Zia Yusuf, Chairman of UK’s Reform party quits

Zia Yusuf has resigned as the chairman of Reform UK, saying working to get the party elected was no longer “a good use of my time”.

In a post on social media, external, Yusuf did not expand further on his reasons for stepping down. 

However, it comes after he said it was “dumb” for the party’s newest MP to call on Sir Keir Starmer to ban the burka.

Reform leader Nigel Farage said he was “genuinely sorry” Yusuf was resigning, describing him as “enormously talented”. 

Farage said Yusuf was “a huge factor” in the party’s success in last month’s elections, when Reform won a by-election, two mayoral races and gained 677 new councillors.

However, he told GB News he believed Yusuf had “had enough” of politics, which can be “totally unrelenting”.

Farage said he had “suspicions” Yusuf might quit after he seemed “very disengaged” when the pair spoke on Wednesday morning but was only given a “10-minute warning” his resignation was coming.

Asked about reports that some in the party found Yusuf difficult to deal with, Farage said “not everyone got on with him”. 

He added: “Were his interpersonal skills at the top of his list of attributes? No. But I always found him, with me, very polite.”

In a post on X, Yusuf wrote: “11 months ago I became chairman of Reform.
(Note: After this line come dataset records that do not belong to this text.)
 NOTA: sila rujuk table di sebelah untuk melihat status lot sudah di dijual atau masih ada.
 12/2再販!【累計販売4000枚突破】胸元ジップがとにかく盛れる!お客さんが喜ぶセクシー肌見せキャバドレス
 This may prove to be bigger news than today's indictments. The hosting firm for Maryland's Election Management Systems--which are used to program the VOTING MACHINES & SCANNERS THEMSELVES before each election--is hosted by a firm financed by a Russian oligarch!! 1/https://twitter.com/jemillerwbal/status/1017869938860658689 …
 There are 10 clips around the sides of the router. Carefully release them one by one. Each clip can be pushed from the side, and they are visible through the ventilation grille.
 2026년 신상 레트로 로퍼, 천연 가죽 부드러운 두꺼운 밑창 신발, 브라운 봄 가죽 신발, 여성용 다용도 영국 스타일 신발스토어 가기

I’ve worked full time as a volunteer to take the party from 14 to 30% [in national polls], quadrupled its membership and delivered historic electoral results.

“I no longer believe working to get a Reform government elected is a good use of my time, and hereby resign the office.”
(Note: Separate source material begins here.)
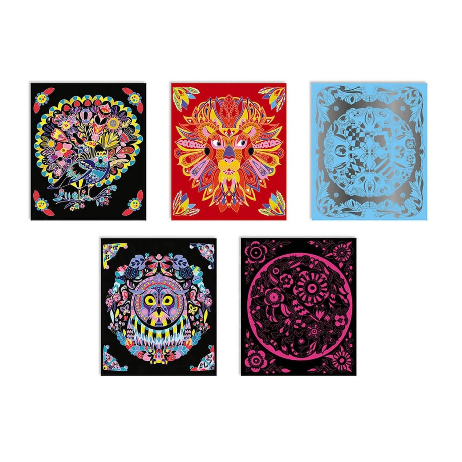 – 8 tableaux à gratter ( 4 noirs, 2 violets, 2 bleus) avec un effet phosphorescent

Earlier, Yusuf had criticised Sarah Pochin – who won last month’s Runcorn and Helsby by-election – for urging Sir Keir Starmer to ban the burka “in the interests of public safety” during her Prime Minister’s Questions debut on Wednesday. 
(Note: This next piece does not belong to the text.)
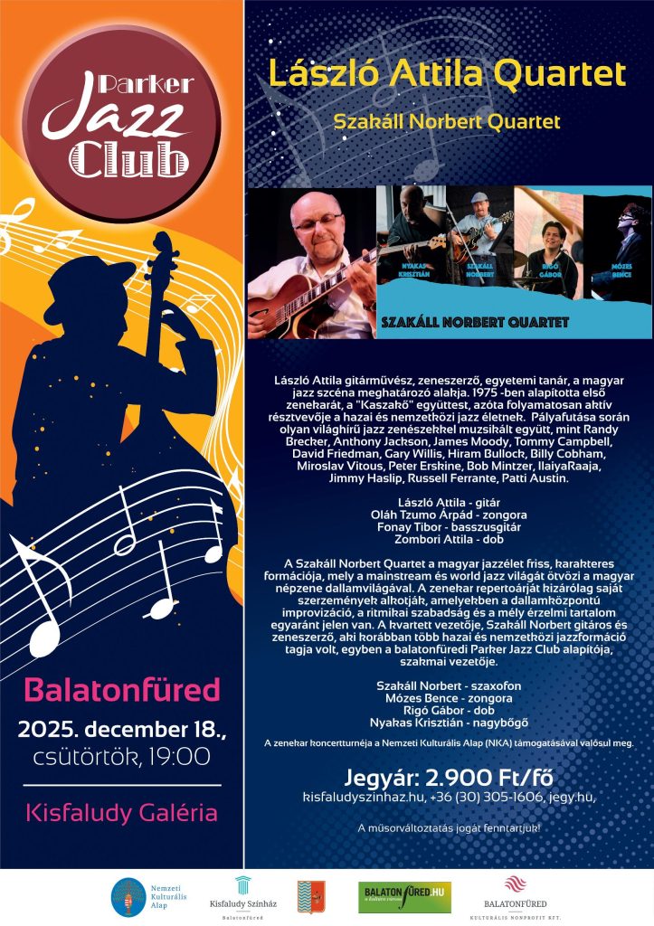 A Parker Jazz Club estjén két zenekar ad koncertet. Fellép a László Attila Quartet illetve a frissen alakult, Szakáll Norbert Quartet.

He said it was “dumb for a party to ask the PM if they would do something the party itself wouldn’t do”. 

Pochin’s call appeared to go down well with Reform’s other MPs, although a party spokesman said it was “not party policy”. 

The party’s deputy leader, Richard Tice, said there should be a “national debate” about a possible ban.

However he declined to state what his position would be in such a debate. 

In response to Yusuf quitting, Pochin said he had been “a great friend and colleague”, adding that “the professionalisation he brought to Reform UK will have a lasting legacy”.

The resignation of Zia Yusuf as Reform UK’s chairman matters because he was a central character in the stand out trend in British politics since the general election – the rise and rise of Nigel Farage’s party.

A Muslim son of Sri Lankan immigrants, a former Conservative, when he was unveiled by Reform almost exactly a year ago, as a donor who had just handed the party £200,000.

Yusuf is a self-made multi millionaire after setting up and then selling Velocity Black, a luxury concierge service.

Not long after his donation to Reform, he was offered and accepted the job of party chairman. And he wouldn’t just be someone behind the scenes, he would be a public figure too.

Yusuf, who was previously a member of the Conservative Party, became Reform UK’s chairman shortly after last year’s general election.

A former banker who sold his tech start-up company for more than £200m, Yusuf has described himself as a “proud British Muslim patriot”.

He donated £200,000 to Reform during the general election campaign and as chairman he was given the job of professionalising the party, wooing donors and increasing Reform UK’s activist base.

Yusuf was seen as central to Reform’s operation and had been spearheading the party’s so-called Doge teams to cut wasteful spending in the councils it now controls. 

The acronym refers to Elon Musk’s Department of Government Efficiency in the US.